Tao et al. (2019) proposed a network composed of a spatial information inference structure (SIIS) for road extraction, and the overall framework was based on DeepLabv3+. The SIIS consisted of two groups of RCNN units. A weighted loss function combining the mean squared error (MSE) and intersection over union (IoU) was adopted. To solve the problem of imbalanced samples, images with excessively small target proportions relative to the background were removed. Lourenco et al. (2023) proposed combining DeepLabv3+ with an optimization strategy to extract rural roads.

Many road extraction methods based on generative adversarial network (GAN) have achieved impressive results. Zhang et al. (2019b) proposed a GAN for road extraction that had multiple discriminators. In the experiments, it was found that a combination of four discriminators and one generator was best. At the same time, a road label generation method that needed less manual intervention was proposed. Shamsolmoali et al. (2021) integrated feature pyramids into GANs for road detection. Zhang et al. (2019a) explored different types of GANs. An end-to-end model for road extraction based on GANs was proposed. The influence of convolution kernels of different sizes was discussed, and it was concluded that large convolution kernels were not needed to improve the receptive field for road extraction.

In addition to the above models, some scholars have used other road extraction methods and have also achieved promising results. Bastani et al. (2018) presented a method to extract road networks based on iterative graph construction. The final road map was generated by iteratively adding new candidate road regions. A decision function was used to determine whether a candidate area is a road by training a CNN. However, this method requires knowledge of the initial points of the roads. Shao et al. (2021) proposed a two-task end-to-end CNN named the Multitask Road-related Extraction Network (MRENet) for road surface extraction and road centerline extraction. The network design of MRENet uses atrous convolutions and a pyramid scene parsing pooling (PSP pooling) module to expand the network’s receptive field, integrate multilevel features, and obtain more abundant information. In addition, the authors used a weighted binary cross-entropy function to alleviate the background imbalance problem. Zhang & Wang (2019) introduced a network consisting of dense cavity convolution modules for road and building extraction. Batra et al. (2019) proposed joint learning based on orientation and segmentation maps to enhance the connectivity rate in road extraction. The CNN-based structure achieved good road extraction results, but the accuracy was not high for complex road networks, and the method was not effective for low-grade roads.
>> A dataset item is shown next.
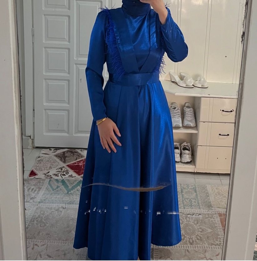 Yüksek yakalı, uzun kollu ve drapeli detaylara sahip mavi uzun abiye elbise. Parlak ve desensiz kumaşıyla düğünler için uygundur. ✨

The transformer model has made a vital difference in the natural language processing (NLP) field because of its attention mechanism (Vaswani et al., 2017). Inspired by the powerful representation capabilities of transformers, researchers have extended transformers to computer vision tasks (Han et al., 2020). Compared with other networks, transformer-based networks can achieve comparable performance with less computation. Dosovitskiy et al. (2020) built a framework consisting of a pure transformer for image classification tasks. The architecture was trained using large-scale data to obtain pretrained models. When transferred to vision tasks, it achieved a performance comparable to that of CNNs. Xie et al. (2021) combined a fully convolutional network with an attention mechanism to learn information from long-range contexts and achieved good results in image segmentation tasks. In addition, Xie et al. (2021) built a semantic segmentation framework combining transformer and multi-layer perceptron (MLP). The framework was simple, efficient and powerful and consisted of a hierarchical transformer encoder and a decoder composed of MLPs. It could output multiscale features and did not require positional encoding, resulting in significantly improved performance and efficiency compared with similar algorithms. Therefore, a structure based on the transformer demonstrates a clear advantage in global feature extraction. In summary, current research is predominantly based on CNN, which has shown good performance in typical road. However, the accuracy of this approach tends to diminish in complex road networks. Given the complexity of low-level road details, this article aims to explore the potential of combining CNN and transformer architectures specifically for low-level road contexts.

Materials & Methods

Dataset

Although the currently available public road datasets cover a wide range of road categoriesin cities, suburbs and rural areas in many countries worldwide, they contain many normal roads and few rural roads. Therefore, they are not suitable for analysis with a special focus on rural roads, but they can be used as test data for model generalization performance.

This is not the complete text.